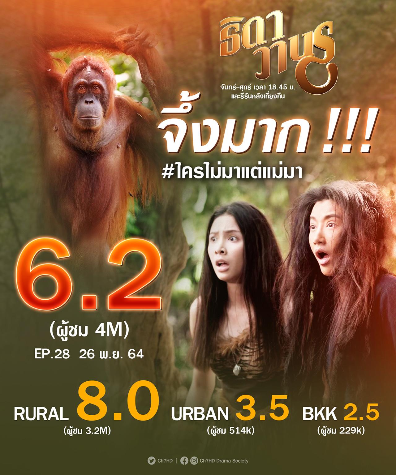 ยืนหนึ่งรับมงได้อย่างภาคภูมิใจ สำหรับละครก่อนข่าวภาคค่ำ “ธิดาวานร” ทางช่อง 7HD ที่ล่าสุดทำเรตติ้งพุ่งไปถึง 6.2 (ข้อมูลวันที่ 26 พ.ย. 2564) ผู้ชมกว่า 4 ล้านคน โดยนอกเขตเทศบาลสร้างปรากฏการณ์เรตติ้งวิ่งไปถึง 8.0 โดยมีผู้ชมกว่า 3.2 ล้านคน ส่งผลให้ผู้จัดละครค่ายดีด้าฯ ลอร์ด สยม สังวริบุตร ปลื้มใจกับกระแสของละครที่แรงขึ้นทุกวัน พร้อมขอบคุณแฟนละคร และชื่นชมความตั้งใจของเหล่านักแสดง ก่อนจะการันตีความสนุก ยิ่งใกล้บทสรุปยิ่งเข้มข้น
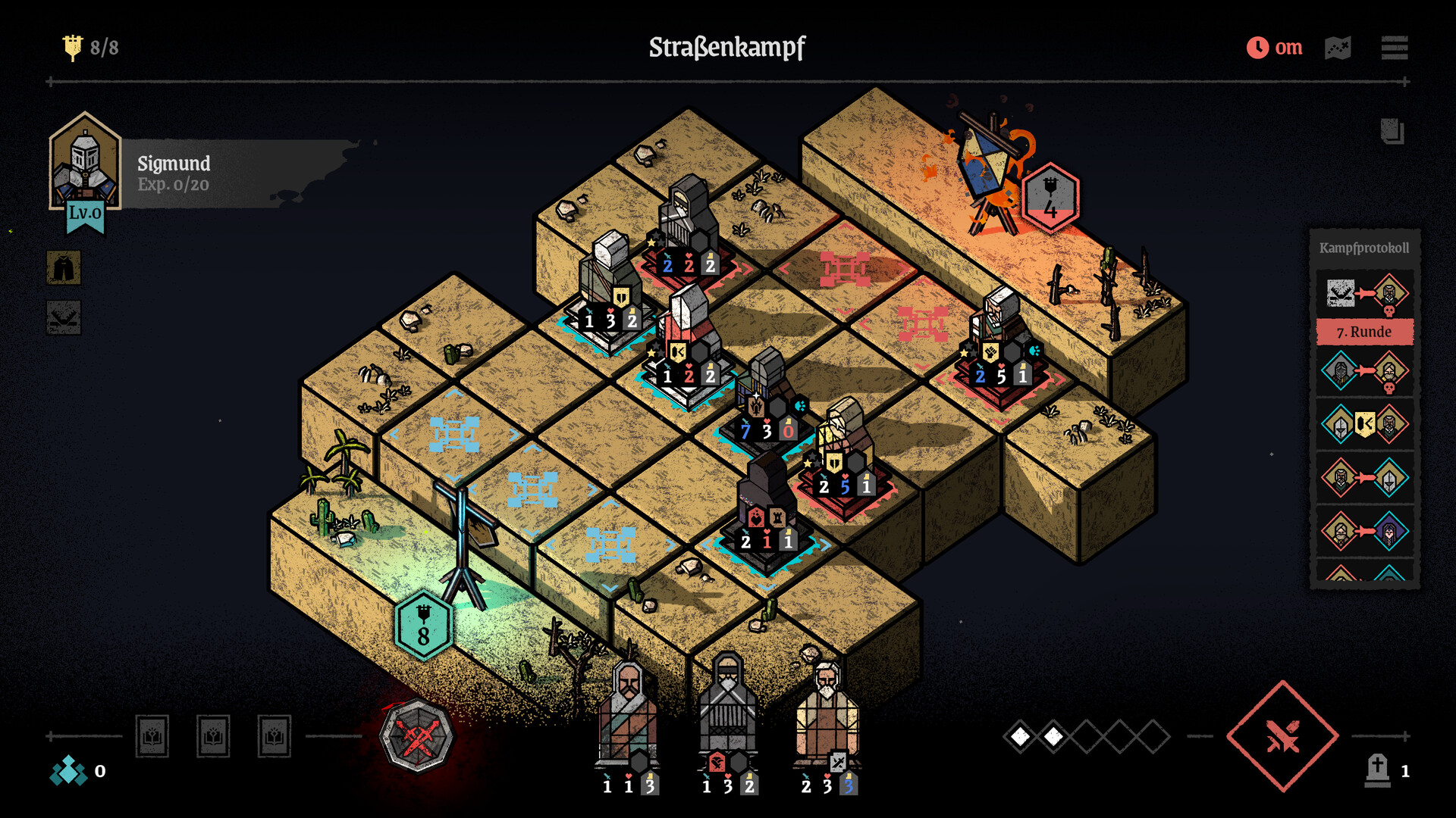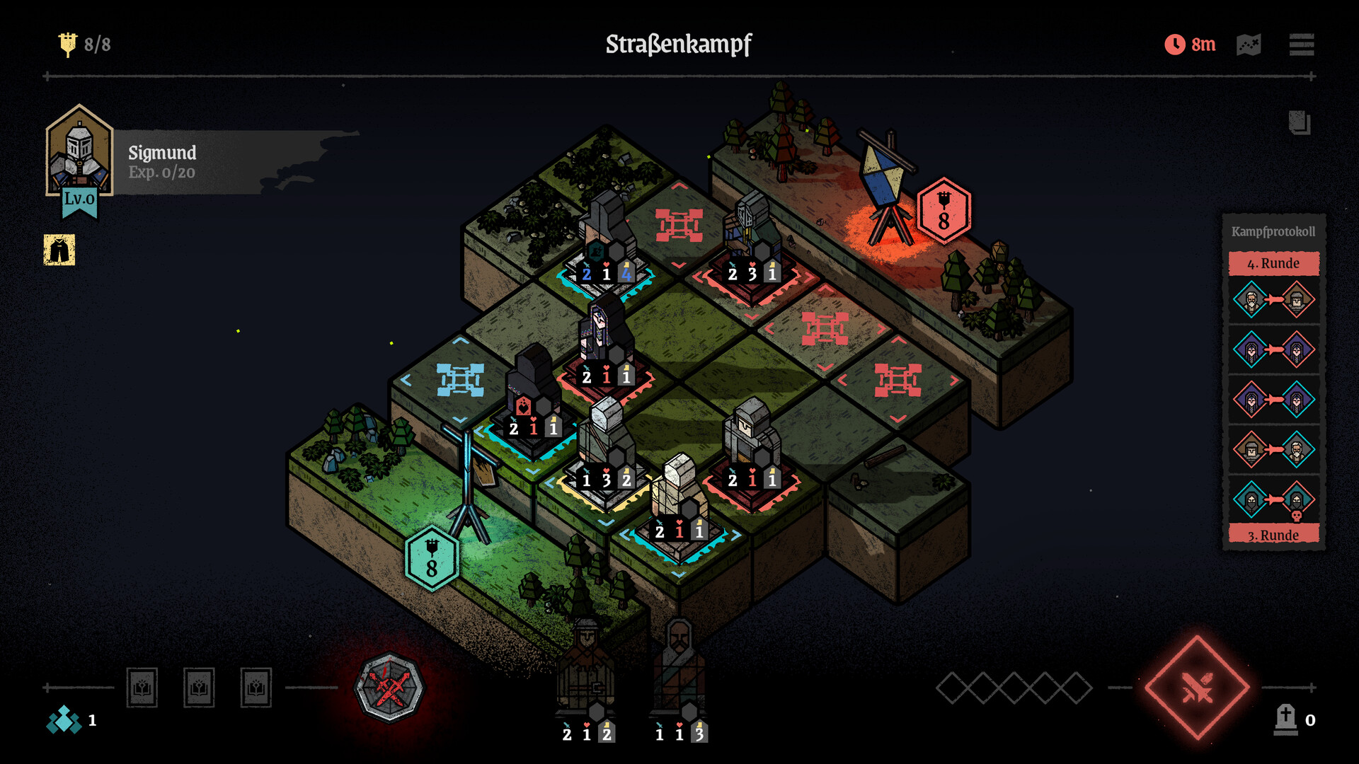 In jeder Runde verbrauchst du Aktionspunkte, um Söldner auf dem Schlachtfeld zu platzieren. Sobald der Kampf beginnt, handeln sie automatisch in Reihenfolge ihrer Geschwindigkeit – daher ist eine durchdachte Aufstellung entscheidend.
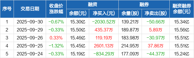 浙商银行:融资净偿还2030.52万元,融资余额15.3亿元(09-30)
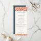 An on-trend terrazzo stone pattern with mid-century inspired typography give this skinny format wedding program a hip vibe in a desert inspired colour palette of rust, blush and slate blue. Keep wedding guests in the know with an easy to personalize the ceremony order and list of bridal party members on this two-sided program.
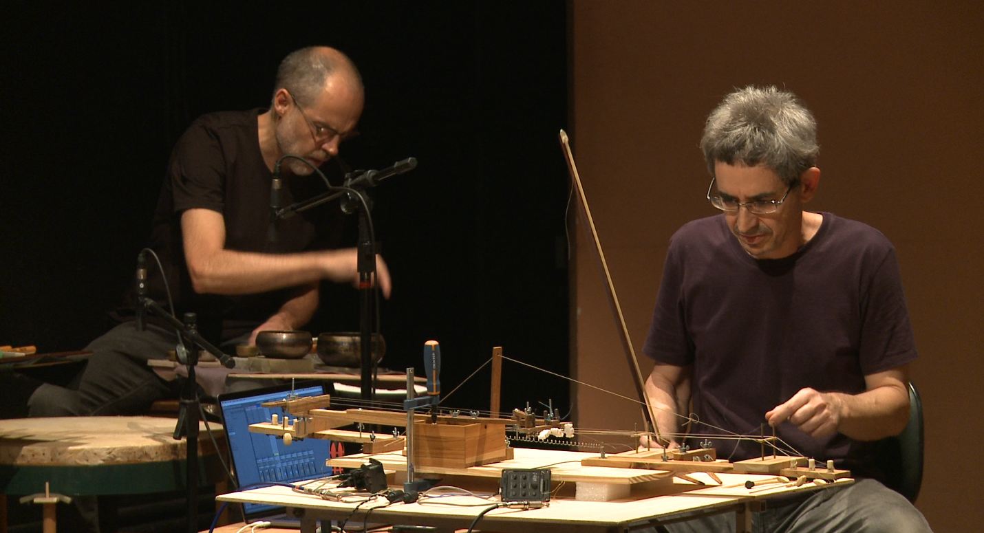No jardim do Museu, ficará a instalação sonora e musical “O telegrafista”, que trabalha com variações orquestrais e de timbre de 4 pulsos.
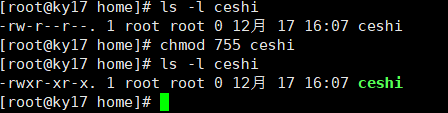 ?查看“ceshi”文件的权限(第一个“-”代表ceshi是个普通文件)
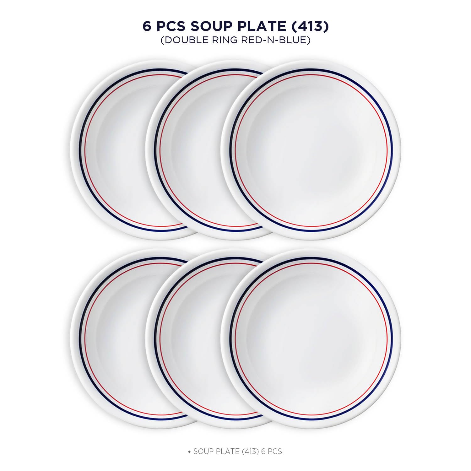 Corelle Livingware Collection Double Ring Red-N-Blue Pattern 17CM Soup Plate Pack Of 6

----------------------------------------

▶ _What you have to do_: The answer must consist of the line containing "In jeder Runde" and every line after it through the end of the records, retyped exactly, with all pictures left out.

▶ _Problem solution_:
 In jeder Runde verbrauchst du Aktionspunkte, um Söldner auf dem Schlachtfeld zu platzieren. Sobald der Kampf beginnt, handeln sie automatisch in Reihenfolge ihrer Geschwindigkeit – daher ist eine durchdachte Aufstellung entscheidend.
 浙商银行:融资净偿还2030.52万元,融资余额15.3亿元(09-30)
 An on-trend terrazzo stone pattern with mid-century inspired typography give this skinny format wedding program a hip vibe in a desert inspired colour palette of rust, blush and slate blue. Keep wedding guests in the know with an easy to personalize the ceremony order and list of bridal party members on this two-sided program.
No jardim do Museu, ficará a instalação sonora e musical “O telegrafista”, que trabalha com variações orquestrais e de timbre de 4 pulsos.
 ?查看“ceshi”文件的权限(第一个“-”代表ceshi是个普通文件)
 Corelle Livingware Collection Double Ring Red-N-Blue Pattern 17CM Soup Plate Pack Of 6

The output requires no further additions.